Of course, for a nation in which millions of white men are terrified that to lose their gun is to lose their masculine security, having a woman President is very threatening. This is especially true when they have just learned, quite conclusively, that an African American man can make a better President than they can. White men who are hating Hillary so irrationally are terrified that they will lose the significant scaffolding that artificially inflated and discriminatory sexual stereotypes play in their very core self-definition. The more destabilized they feel by this, the worse the problem becomes.
Losing special status is painful, unpleasant, and shamefully exposing. Naturally, most men who feel this way do not acknowledge or even understand the feeling. It becomes an inchoate feeling of dislike for Hillary, a feeling-state awaiting explanation. With millions of American males needing to explain their hatred of her to themselves, any alleged flaw will do, real or imagined, to "explain" their visceral reaction. Thus, whatever is thrown against Hillary tends to stick. No politician in our lifetime has had more false or trivial accusations stick against her than Hillary Clinton.
So Hillary starts out with a strike against her when she deprives white males of that gender-based security. And, in this context, Trump's assaultive posture toward women, while not openly endorsed by white males, does not feel as bad as it should to them. Sadly, for many, it is probably compensatory.
But the problem gets worse. To get where she is, Hillary has not had to be just as good as a man. She has had to be better. And she has been. Hillary Clinton cannot merely do the job; she can do it better than most men. And that amps up the already considerable hate caused by the loss of identity support that white males were experiencing from racism and sexism. It ushers in the problem of unrecognized envy.
Envy is one of our least recognized psychological phenomena, and it quickly turns into character assassination. What we envy in others we distort and reverse. We do not like to acknowledge our envy, even to ourselves. Thus, we distort our understanding of what we are feeling. They are not really better than us.
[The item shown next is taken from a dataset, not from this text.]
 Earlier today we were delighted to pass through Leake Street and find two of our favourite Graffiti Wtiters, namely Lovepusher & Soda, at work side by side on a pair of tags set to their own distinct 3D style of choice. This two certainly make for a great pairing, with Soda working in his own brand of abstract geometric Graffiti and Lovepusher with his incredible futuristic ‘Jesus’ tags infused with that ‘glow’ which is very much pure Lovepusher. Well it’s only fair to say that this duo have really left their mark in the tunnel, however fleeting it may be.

They have not gotten to where they are because of any special talent they might have. They have cheated. They must be "crooked." Thus, we have "Crooked Hillary." This dynamic that is rampant further justifies and amplifies the hatred.
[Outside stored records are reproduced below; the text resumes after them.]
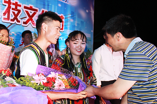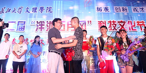 梅平、李琴、郭睦庚和相关系部负责人为获奖选手颁奖。在为冠军毛兴民同学颁奖时,梅院长为他的歌喉和出色表现点赞,鼓励他发扬比赛精神,在今后的学习中取得更好的成绩和更大的进步。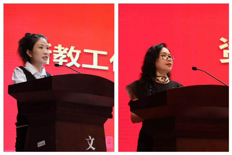 艺术与创意设计学院副院长刘咏清教授作为资深教师代表发言。她从学高为师,当以“终身学习”筑牢立业之基;身正为范,当以“端正言行”恪守从教之本;和而不同,争当文明互鉴的“摆渡人”;肩负三大任务,当以“努力奋斗”成就事业之实等四个方面,分享自己从教27年的心得。她勉励新教工们要以敢为人先的锐气,上下求索的志气,厚积薄发的底气,将个人奋斗融入学校发展洪流,共同书写属于苏州城市学院的崭新篇章。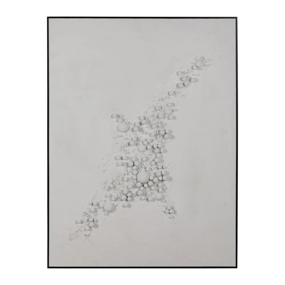 Este , pintado a mano, destaca por su diseño minimalista en tonos blancos con detalles en relieve, que aportan textura y profundidad a tus paredes. Fabricado en lienzo de alta calidad y enmarcado con poliestireno resistente, es una opción duradera y elegante para cualquier espacio.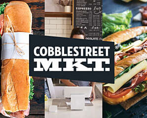 The lights are on at Cobblestreet MKT, hitting the exposed, open air steel and woodblock countertops to throw a spotlight on the freshly carved meats and cheeses that await. Aromas of deli favorites waft from the kitchen and the unbridled basics of yesterday meet the nontraditional twists of today – be it the hearty trappings of a towering sandwich stacker or maybe the artfully layered snackable grab-n-go for those with only moments to spare. From the beautifully-browned roasted meats to the farmhouse and American classic cheeses, and all the accompanying comforts of a classic delicatessen.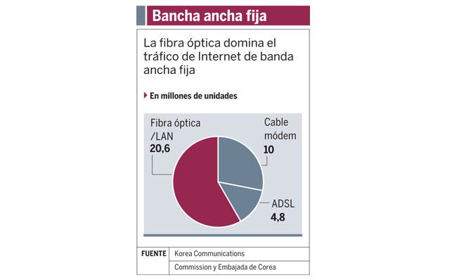 Esto convierte a Corea en el país con mayor penetración de Internet de banda ancha móvil ( 100,6 %) y el sexto (35,4%) en el acceso con redes fijas.

That is why the apparent incompetence of Donald Trump does not seem to bother his supporters as much as one might expect. Hillary's "sin" is not just her feminine status. It is also her competence. That is what drives the envy. Donald is, for all his presumed material goods, a bit of a buffoon and as such does not make people so envious. In fact, his foibles reduce the envy and make him less objectionable to his supporters. But Hillary, in contrast, at the psychological level, first robs them of the scaffolding a sexist culture provides for their identity, and then, when she appears better than they are, the initial resentment is amplified by envy. Strike two.
But the hatred grows further. In our dynamic, it is difficult if not impossible for relatively rigid minds to tolerate and constructively channel the accumulating anger and resentment white males, especially, in America feel toward Hillary. Instead, they become paranoid, projecting their own angry feelings onto her and then imaging the vicious things she will do to them if she is elected their President. Major sectors of Middle America are truly terrified of a Hillary Presidency because of their own projections. This is strike three.
The primary reason Hillary Clinton is so hated is because she is a woman who is exceptionally competent in a world of human minds that have become increasingly sexually perplexed, envious, and paranoid.
Bryant Welch is a clinical psychologist and attorney in San Francisco, CA. He is the author of State of Confusion: Political Manipulation and the Assault on the American Mind (St. Martin's Press, 2008.)